> [GIVEN RECORDS]
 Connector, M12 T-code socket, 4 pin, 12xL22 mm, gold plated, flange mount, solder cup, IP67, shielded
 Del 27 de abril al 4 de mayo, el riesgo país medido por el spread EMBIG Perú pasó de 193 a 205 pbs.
--
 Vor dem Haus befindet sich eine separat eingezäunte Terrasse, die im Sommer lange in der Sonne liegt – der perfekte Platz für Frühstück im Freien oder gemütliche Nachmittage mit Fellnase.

> [ABOUT THIS TASK]
The lines to extract from the data above begin with the line containing "Connector, M12 T-code" and end with the line containing "Del 27 de abril". Extract them exactly, including both.

> [OUTPUT FOR THIS TASK]
 Connector, M12 T-code socket, 4 pin, 12xL22 mm, gold plated, flange mount, solder cup, IP67, shielded
 Del 27 de abril al 4 de mayo, el riesgo país medido por el spread EMBIG Perú pasó de 193 a 205 pbs.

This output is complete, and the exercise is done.